Being Alive is clearly so very many things. So many, many, many things. These days it feels like the list is so epically long that it’s too hard to handle or keep track of it.
And part of the reason for that is that we are so invested in “keeping on, keeping on.” I heard Danielle LaPorte say that in her Grace for Impact podcast series and when I heard the words I felt the truth of it for me. We are a culture that is about constant motion whether it’s useful or not. We are concerned with keeping up, keeping it together, keeping up appearances, keeping the peace.
But what if we slowed down? Slowed down long enough to acknowledge fully the difficulty of this life right now. The hardships that you may be facing and also the extreme challenges of others. Acknowledging both of these not in the form of comparison but in the form of compassion. We are all suffering in some way. We are all struggling.
But instead of coming to a full stop once in a while and feeling the magnitude of it we can easily get focused on getting back to normal, keeping going, keeping it positive, keeping in motion.
And today I invite you to just STOP already. There is a reason we are in the places that we are in individually and collectively. And the reasons behind all of those is too long and involved for this blog. BUT what I am suggesting is that we stop and give witness to our own pain. If maybe for the first time ever, say to yourself, this is so hard. PERiOD. We don’t need to qualify, then shame ourselves because others have it worse and all the things we do to pile on.
This is hard, really hard. PERIOD. Now sit with that. And breathe. You are going to be OK.
I woke up yesterday morning with the same ennui that I went to bed with the night before.
(I do want to also acknowledge that finally in my adult life I have a valid excuse to use the word ennui and that does spark a little joy)
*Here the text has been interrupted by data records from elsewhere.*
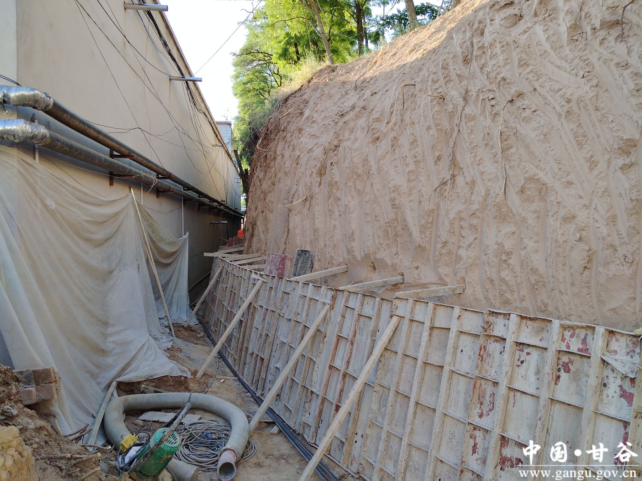 炎炎夏日,谢家湾梁上却是一派凉爽气象。在乡政府院内,不稳定斜坡治理现场,工人们正在有条不紊的搭建钢架、支设模板,全长129米的不稳定斜坡,最下面的一段商砼已经浇筑,不同区段按照施工计划也在加快推进。
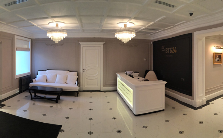 В кабинетах встроены функциональные системы шкафов в примыкание со стеновыми панелями. Интересное решение выполнено с ткани Алькантара с глубокими нишами под
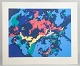 Et ekspressivt abstrakt tryk med organiske, farvemættede flader i blå, rød, grøn og gule nuancer. Kompositionen er præget af rytmiske bevægelser og kontraster, som skaber en levende og dynamisk billedflade, karakteristisk for Ernsts arbejde med farver og organiske udtryk.
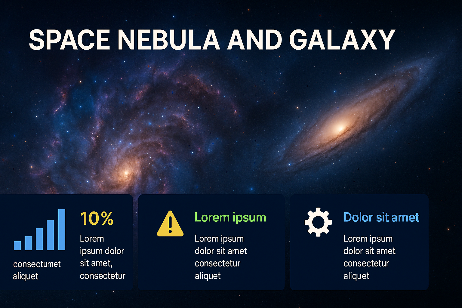 Engaging infographic showcasing a space nebula and galaxy with data representation. Ideal for educational content or presentations in astronomy.
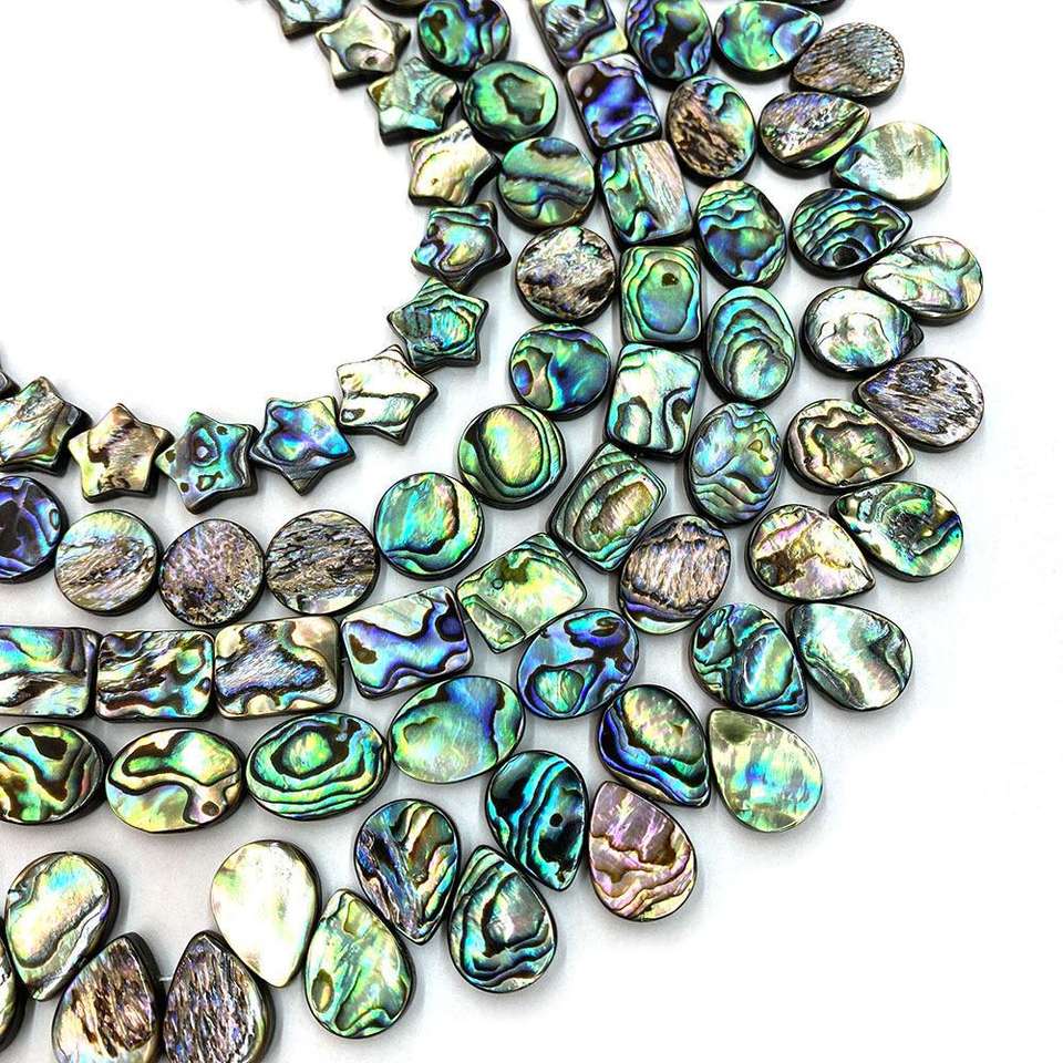 Vente en gros de perles de coquille d'ormeau naturel plat irisé rond carré étoile coeur ovale en forme de goutte entretoise pour collier bracelet

Sunday morning I felt just bleh. There are more than enough items on my to-do list at any one time and I couldn’t even muster the motivation to do one of them. I decided to bake. I made cobblers in jars. I knew that cobblers in jars weren’t going to solve anything but they could bring a little bit of joy to someone else. And it was something I could start and finish in a relatively short period of time and that felt comforting too. Everything we are engaged in with life right now is for the long haul and that’s not innately bad but sometimes it’s nice to feel the satisfaction of completion.
I made baked goods and delivered them. The end.
I didn’t keep up or keep it together yesterday. In fact, I probably won’t today. And maybe that’s how it’s supposed to be right now. Maybe we need to slow down and experience the experience fully and let it sink all the way in. And then bake something. Eat it, share it, deliver it. Feel accomplished. The end.